Health labs apologise for mastectomy mistake

By Eileen Goodwin

During the testing process in the hospital lab the specimens were inadvertently switched. Photo / Thinkstock
During the testing process in the hospital lab the specimens were inadvertently switched. Photo / Thinkstock

Health labs in Dunedin have apologised to the Otago woman who had a mastectomy by mistake this year after her breast biopsy specimen was swapped with another.

Southern Community Laboratories pathologist and medical director Dr Peter Fitzgerald said he had felt very uncomfortable about the situation and had personally apologised to the woman who had the unnecessary mastectomy.

"I've been practising for not quite 20 years ... and I've never experienced this before."

He emphasised the "unfortunate" mistake could theoretically have been made with any specimen, not just breast.

"In many ways, the issues here equally apply to other specimens."

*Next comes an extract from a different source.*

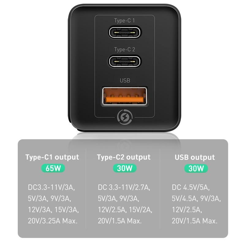 Bộ sạc nhanh GaN3 Pro 65W Baseus - Sạc nhanh cho laptop/smartphone/tablet/swtich - 12 tháng bảo hành
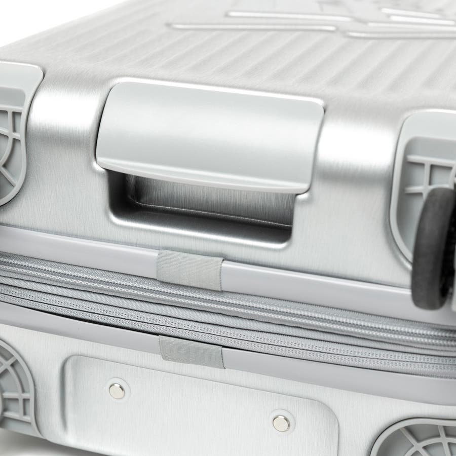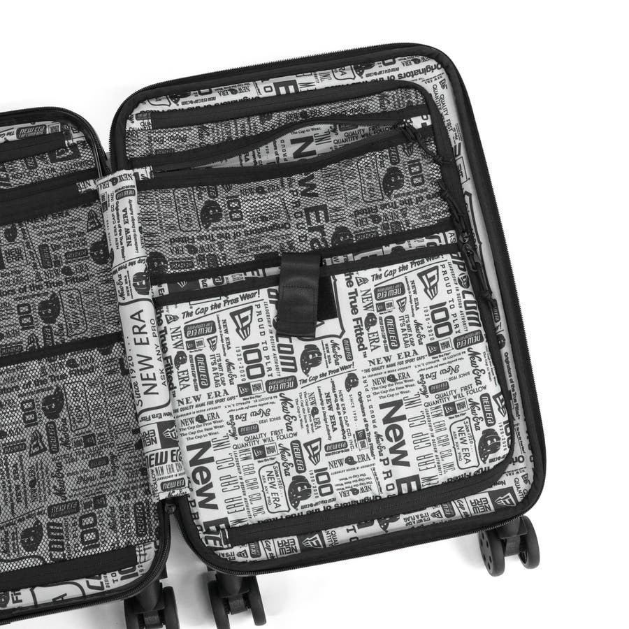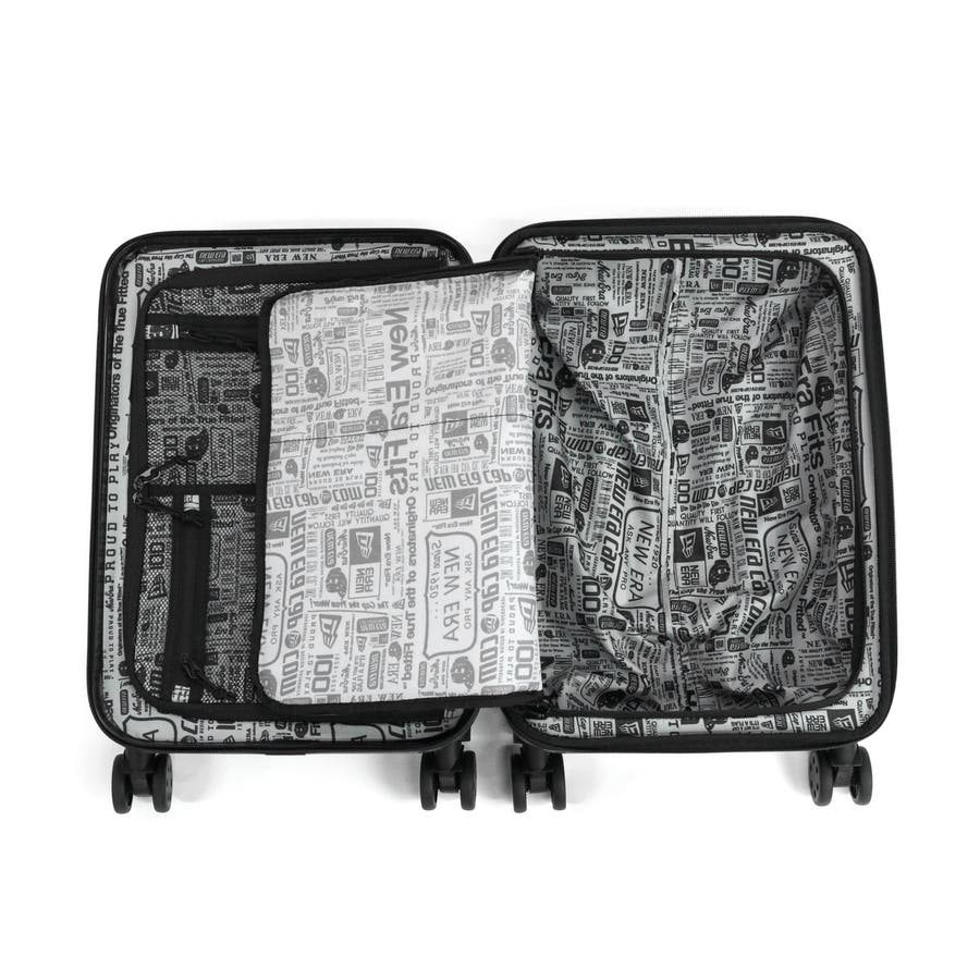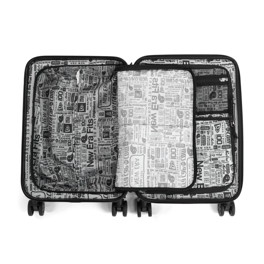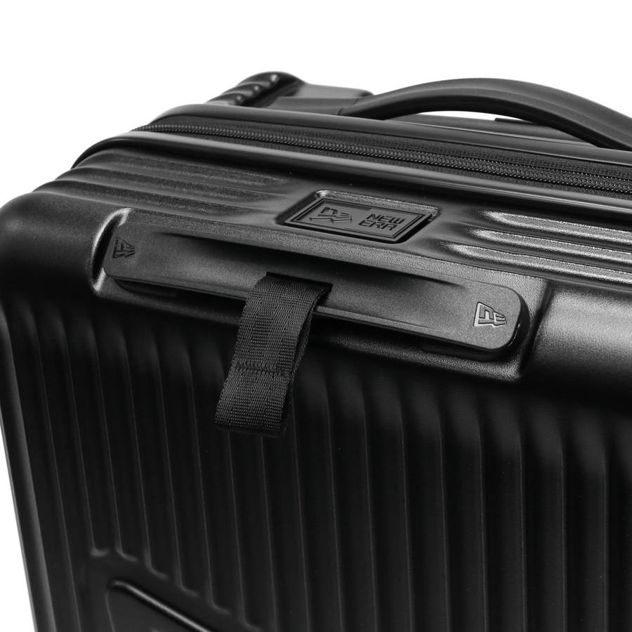 New Era Flagロゴがエンボスで入るオリジナルボディーを採用したキャリーケース。こちらは1~2泊程度の旅行に最適で、機内持ち込みも可能なモデルです。容量は、エキスパンダブル機能付きのため約33Lから38Lまで拡張することが可能になっています。また、本体にはキャリーバー以外に、上部、側面、底面にハンドルを装備し持ち運びがしやすい設計に。便利なキャスターストッパーが付いているのもポイントです。

SCL improved its processes after the error occurred about three months ago to reduce the risk of the highly unusual mistake happening again, he said.

SCL was assisting Southern District Health Board's investigation into the mistake, which would take up to another fortnight to complete.

Dr Fitzgerald said the two samples had been taken from the women on the same day, at different times, by Dunedin Hospital radiologists, who correctly identified them and sent them to SCL for testing. SCL processed the specimens, giving them a unique lab number, and then sent them back to Dunedin Hospital to the SCL-operated lab there.

During the testing process in the hospital lab the specimens were inadvertently switched when they were transferred from their original container to another designed for the testing process.

"There's a potential for human error here, and this is what the problem is, I believe.

"As far as I know it's never happened before [to] us," he said.

As well as the unique lab number, specimens were labelled with patient names, National Health Index numbers, and accession numbers.

The lab worker was still working for SCL.

"Of course they've been spoken to; that goes without saying," he added.

DHB chief medical officer Dick Bunton said the DHB was leading the review in to the "patient diagnosis error" that occurred in the SCL lab. "We regret that the error occurred and have apologised for the harm caused."

A spokeswoman for the Health and Disability Commissioner's office yesterday said he was not investigating the issue.